* What to work on
Print, word for word, the opening line of the data below and every line after it through the line that contains "黒毛和牛のステーキ / 桜鯛(真鯛)のしゃぶしゃぶ / メバルと海老の鉄板焼き", but not the pictures.

* Material to process
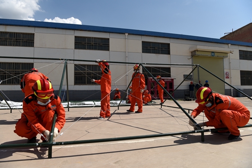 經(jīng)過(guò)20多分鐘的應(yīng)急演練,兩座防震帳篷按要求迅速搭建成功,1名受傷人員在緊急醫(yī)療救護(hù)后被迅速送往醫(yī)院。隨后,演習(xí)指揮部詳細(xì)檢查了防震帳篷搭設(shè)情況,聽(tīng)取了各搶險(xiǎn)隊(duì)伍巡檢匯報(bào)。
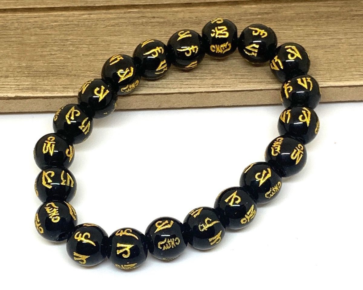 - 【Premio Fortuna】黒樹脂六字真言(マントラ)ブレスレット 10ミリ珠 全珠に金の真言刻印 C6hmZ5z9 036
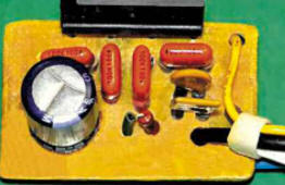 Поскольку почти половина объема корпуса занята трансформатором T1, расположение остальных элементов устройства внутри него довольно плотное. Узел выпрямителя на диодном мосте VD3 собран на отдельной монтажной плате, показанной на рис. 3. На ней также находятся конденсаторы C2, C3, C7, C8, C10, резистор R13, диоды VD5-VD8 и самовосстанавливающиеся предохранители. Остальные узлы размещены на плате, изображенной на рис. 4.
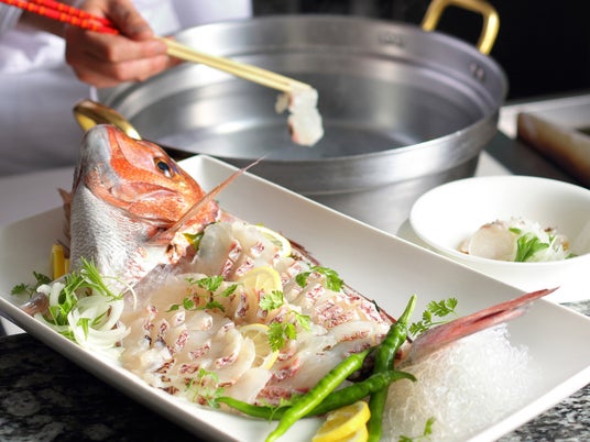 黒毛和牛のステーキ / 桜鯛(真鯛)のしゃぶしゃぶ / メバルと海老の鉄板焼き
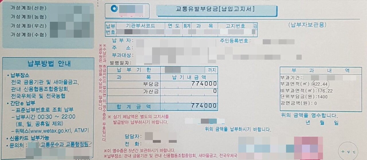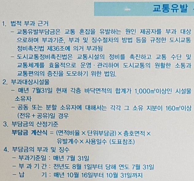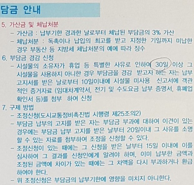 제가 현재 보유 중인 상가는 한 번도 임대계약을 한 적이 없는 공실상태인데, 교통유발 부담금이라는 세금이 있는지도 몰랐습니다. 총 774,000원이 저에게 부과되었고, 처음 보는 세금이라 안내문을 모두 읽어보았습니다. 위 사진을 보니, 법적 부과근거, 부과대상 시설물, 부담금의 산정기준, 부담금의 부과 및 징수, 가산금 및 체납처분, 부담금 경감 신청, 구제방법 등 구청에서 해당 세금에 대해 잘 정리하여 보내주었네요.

* Your response
 經(jīng)過(guò)20多分鐘的應(yīng)急演練,兩座防震帳篷按要求迅速搭建成功,1名受傷人員在緊急醫(yī)療救護(hù)后被迅速送往醫(yī)院。隨后,演習(xí)指揮部詳細(xì)檢查了防震帳篷搭設(shè)情況,聽(tīng)取了各搶險(xiǎn)隊(duì)伍巡檢匯報(bào)。
 - 【Premio Fortuna】黒樹脂六字真言(マントラ)ブレスレット 10ミリ珠 全珠に金の真言刻印 C6hmZ5z9 036
 Поскольку почти половина объема корпуса занята трансформатором T1, расположение остальных элементов устройства внутри него довольно плотное. Узел выпрямителя на диодном мосте VD3 собран на отдельной монтажной плате, показанной на рис. 3. На ней также находятся конденсаторы C2, C3, C7, C8, C10, резистор R13, диоды VD5-VD8 и самовосстанавливающиеся предохранители. Остальные узлы размещены на плате, изображенной на рис. 4.
 黒毛和牛のステーキ / 桜鯛(真鯛)のしゃぶしゃぶ / メバルと海老の鉄板焼き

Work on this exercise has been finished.